The article is devoted to the development of a methodical approach to modelling a synthetic indicator of the competitiveness of agricultural enterprises using the tools of neural networks.The authors used general scientific and special research methods, such as monographic, logical-theoretical, statistical and economic-mathematical, visualization, system analysis, taxonomy and neural network modelling, generalization, logical abstraction and conclusion generation. The study was based on materials from the State Statistics Service of Ukraine, scientific developments of foreign and domestic scientists on the defined topic, and financial statements of the agricultural enterprises of Vinnytsia region LLC «Ahrokompleks «Zelena dolyna», PJSC «Dashkivtsi», LLC «Selyshchanske», PE «Dary sadiv», PE «Fortuna» the main type of economic activity of which according to Classification of economic activities 01.11 – cultivation of cereals (except rice), legumes and oilseeds. The article develops and presents a non-classical approach to the assessment of the competitiveness of agricultural enterprises has been developed, which is based on the principles of neural network modelling. It allows to obtain a well-founded quantitative indicator, which can be easily interpreted into a linguistic evaluation on a three-level scale of competitiveness and used for comparison, monitoring and making sound decisions on improving the competitiveness of agricultural enterprises.The non-classical approach complements traditional methods of competitiveness assessment, expanding their capabilities and eliminating certain limitations. The use of neural network modelling in competitiveness assessment allows to take into account complex and non-linear relationships between different factors and indicators, which contributes to an increase in the objectivity and accuracy of competitiveness assessment, which in turn allows enterprises to make better decisions and improve their strategies to achieve success in the market.The results of the study can be used to support strategic decision-making in the agricultural sector, identify priority development directions, and improve the competitive strategies of enterprises and the functioning of business processes.

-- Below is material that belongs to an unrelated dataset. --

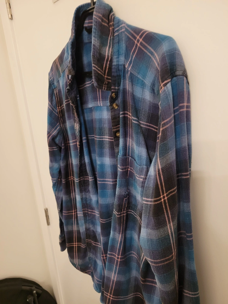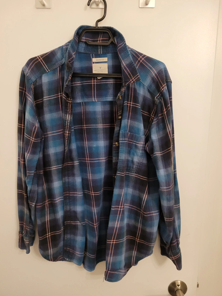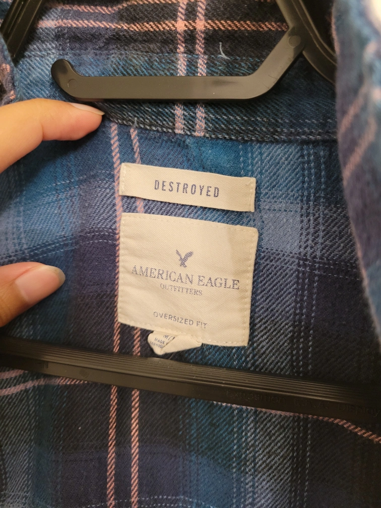 Cozy American Eagle flannel shirt in an oversized fit! It's a blue plaid pattern that's perfect for layering. Great for a casual, relaxed look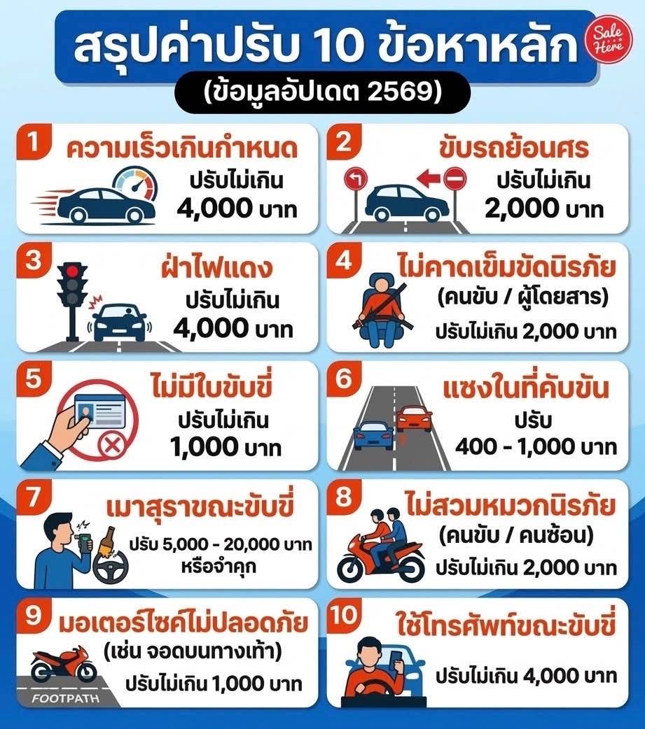 【泰國新聞報導】10項交通違規行為開始嚴格執法,並加強罰款力度,從 2026年4月1日起正式執行。

农业企业竞争力综合指标的建模:使用神经网络工具的方法论方法
本文致力于开发一种系统的方法,利用神经网络工具对农业企业竞争力的综合指标进行建模。作者采用了专著、逻辑-理论、统计-经济-数学、可视化、系统分析、分类法和神经网络建模、泛化、逻辑抽象和结论生成等一般科学和特殊的研究方法。该研究基于乌克兰国家统计局的资料,国内外科学家对特定主题的科学发展,以及文尼察地区农业企业有限责任公司“Ahrokompleks”“Zelena dolyna”,PJSC“Dashkivtsi”,LLC“Selyshchanske”,PE“Dary sadi”,PE“Fortuna”的财务报表,其主要经济活动类型根据经济活动分类01.11 -种植谷物(水稻除外)。豆类和油籽。本文发展并提出了一种基于神经网络建模原理的农业企业竞争力评价的非经典方法。它可以获得一个有充分根据的定量指标,这可以很容易地解释为一个三级竞争力量表的语言评价,并用于比较,监测和制定合理的决策,以提高农业企业的竞争力。非经典方法补充了传统的竞争力评估方法,扩大了它们的能力并消除了某些局限性。在竞争力评估中使用神经网络建模,可以考虑到不同因素和指标之间复杂的非线性关系,这有助于提高竞争力评估的客观性和准确性,从而使企业能够更好地做出决策,改进战略,从而在市场中取得成功。研究结果可用于支持农业部门的战略决策,确定优先发展方向,改善企业的竞争战略和业务流程的功能。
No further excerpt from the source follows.